## Work to complete
Transcribe each line below verbatim; pictures excluded.

Information shown START

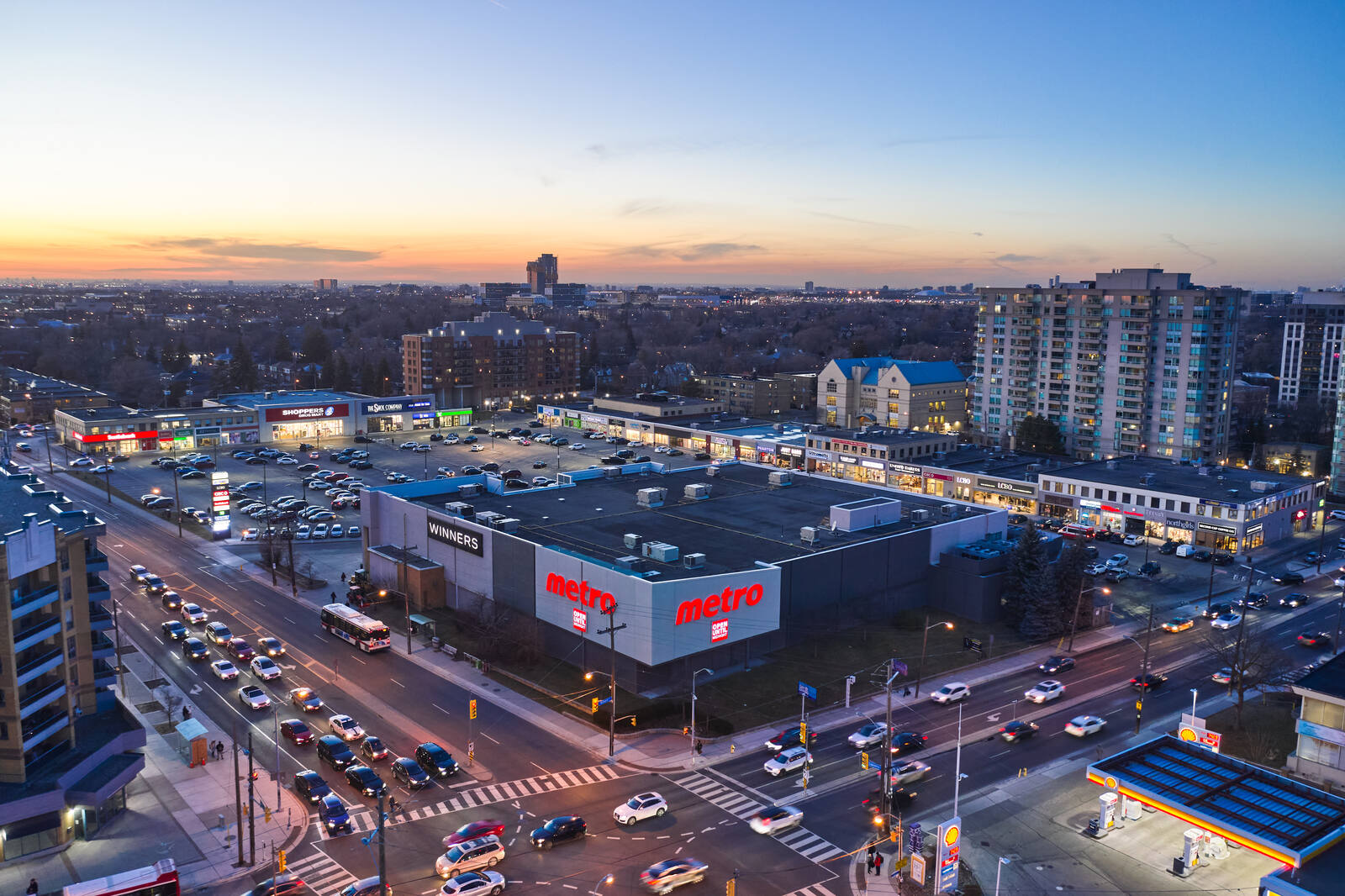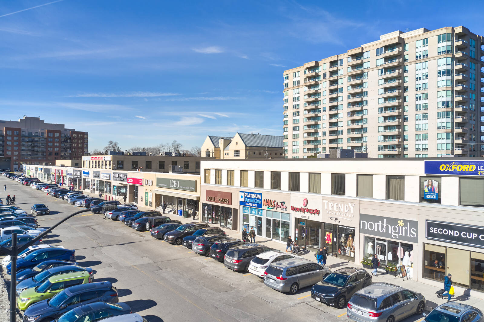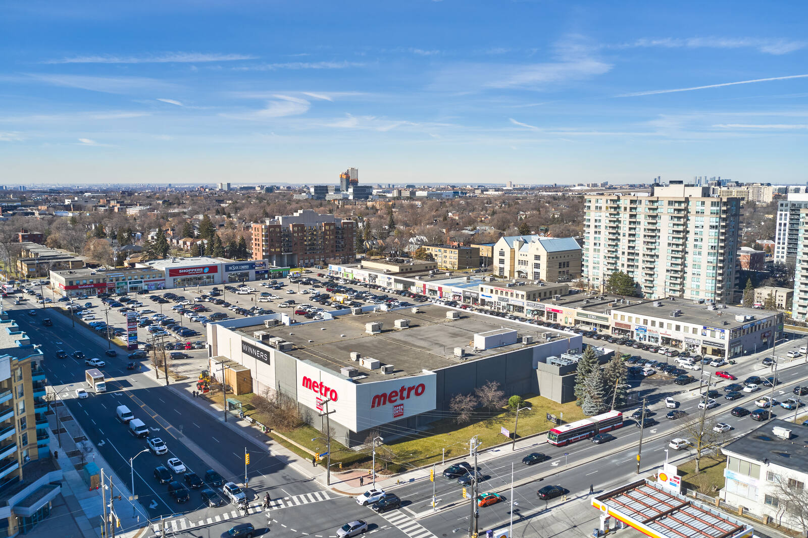 The unenclosed centre offers 50 stores and services, including TD Canada Trust, CIBC, Scotiabank, LCBO, Metro, Shoppers Drug Mart, Winners.
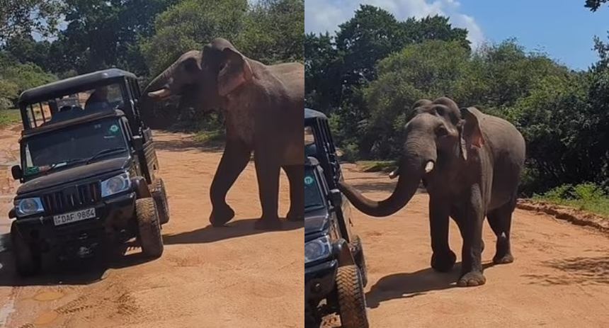 Turistas que disfrutaban de un safari en el Parque Nacional Yala, en Sri Lanka, vivieron momentos de intensa angustia cuando un elefante salvaje embistió el jeep en el que se trasladaban.
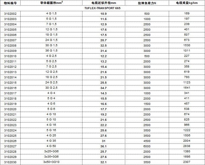 - TUFLEX-TRANSPORT 665技术参数
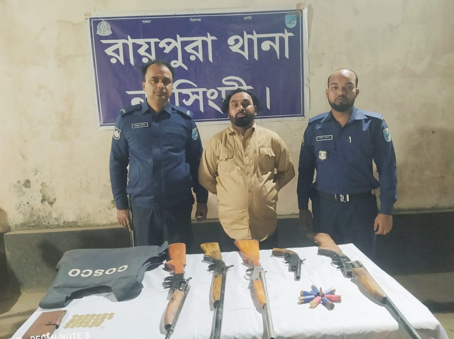 ১৩ই ফেব্রুয়ারি সন্ধ্যা থেকে এলাকার আইন-শৃঙ্খলা পরিস্থিতি স্বাভাবিক রাখার লক্ষ্যে রায়পুরা থানার চরাঞ্চলের পাড়াতলী ও বাঁশগাড়ি ইউনিয়নে সেনাবাহিনী, পুলিশ ও র্যাবের সমন্বয়ে যৌথ টহল পরিচালনা করা হয়। এ সময় গোপন সংবাদের ভিত্তিতে জানা যায় যে পাড়াতলী ইউনিয়নের মামদেরকান্দি এলাকায় সন্ত্রাসীরা অবৈধ আগ্নেয়াস্ত্রসহ অবস্থান করছে। এই সংবাদের প্রেক্ষিতে মামদেরকান্দি এলাকায় তাৎক্ষণিক অভিযান পরিচালনা করে নুর আলম ওরফে কাবিলা, পিতা-মজিবুর রহমান খন্দকার, সাং-কাচারিকান্দি নামে একজন সন্ত্রাসীকে গ্রেফতার করা হয় এবং পাঁচটি দেশীয় তৈরি আগ্নেয়াস্ত্র (এক নলা বন্দুক), ০৭টি শর্টগানের কার্তুজ, ০১ রাউন্ড চায়না রাইফেলের গুলি ও একটি বুলেট প্রুফ জ্যাকেট উদ্ধার করা হয়।

Information shown END

## Solution for this problem
 The unenclosed centre offers 50 stores and services, including TD Canada Trust, CIBC, Scotiabank, LCBO, Metro, Shoppers Drug Mart, Winners.
 Turistas que disfrutaban de un safari en el Parque Nacional Yala, en Sri Lanka, vivieron momentos de intensa angustia cuando un elefante salvaje embistió el jeep en el que se trasladaban.
 - TUFLEX-TRANSPORT 665技术参数
 ১৩ই ফেব্রুয়ারি সন্ধ্যা থেকে এলাকার আইন-শৃঙ্খলা পরিস্থিতি স্বাভাবিক রাখার লক্ষ্যে রায়পুরা থানার চরাঞ্চলের পাড়াতলী ও বাঁশগাড়ি ইউনিয়নে সেনাবাহিনী, পুলিশ ও র্যাবের সমন্বয়ে যৌথ টহল পরিচালনা করা হয়। এ সময় গোপন সংবাদের ভিত্তিতে জানা যায় যে পাড়াতলী ইউনিয়নের মামদেরকান্দি এলাকায় সন্ত্রাসীরা অবৈধ আগ্নেয়াস্ত্রসহ অবস্থান করছে। এই সংবাদের প্রেক্ষিতে মামদেরকান্দি এলাকায় তাৎক্ষণিক অভিযান পরিচালনা করে নুর আলম ওরফে কাবিলা, পিতা-মজিবুর রহমান খন্দকার, সাং-কাচারিকান্দি নামে একজন সন্ত্রাসীকে গ্রেফতার করা হয় এবং পাঁচটি দেশীয় তৈরি আগ্নেয়াস্ত্র (এক নলা বন্দুক), ০৭টি শর্টগানের কার্তুজ, ০১ রাউন্ড চায়না রাইফেলের গুলি ও একটি বুলেট প্রুফ জ্যাকেট উদ্ধার করা হয়।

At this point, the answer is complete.